Sunday, July 4, 2010

Poetry and Death go Together like Peanut Butter and Jelly

The Poetry Foundation has this great article up on their website called "Ghost Hunting with the Dead Poets Society of America" by Kathleen Rooney.  Midway through the article, she mentions that all poets, whether living or not, are already dead, since their art is a dead one.  It's true, but I had never thought of it that way.  She goes on to say that "Poetry and death go together like peanut butter and jelly," which has got to be one of the funniest and bizarre lines about poetry I've ever heard.  (But in a good way.)  
I get the feeling that Ms.

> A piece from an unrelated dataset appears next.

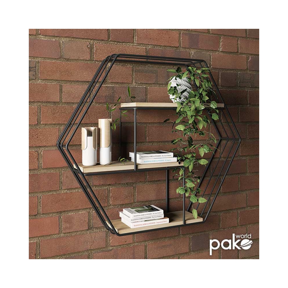 Ραφιέρα τοίχου Azira pakoworld μεταλλική χρώμα μαύρο-φυσικό 50x10x44εκ

Rooney has had a hard time with live poets, because when she says "Dead poets typically won’t humiliate you for liking them, won’t betray your affection by overproducing second-rate work, or espousing unsavory political beliefs, or publishing something cheap and clever in the New Yorker" there's a tone there that sounds a little too much like someone trying to not talk about a breakup with the love of their life.  Though, to be fair, I'm the same way.  This past fall, The Red Cedar Review got the lovely Steve Healey as our faculty adviser.  As he is a poet and I was the Poetry Editor, he went to be to see if he could get someone to write us a poem.  (Someone famous, hopefully.)  He asked me who I liked.  I told him truthfully that a lot of the poets I liked best were dead.  Healey, I suspect, appreciated the honesty.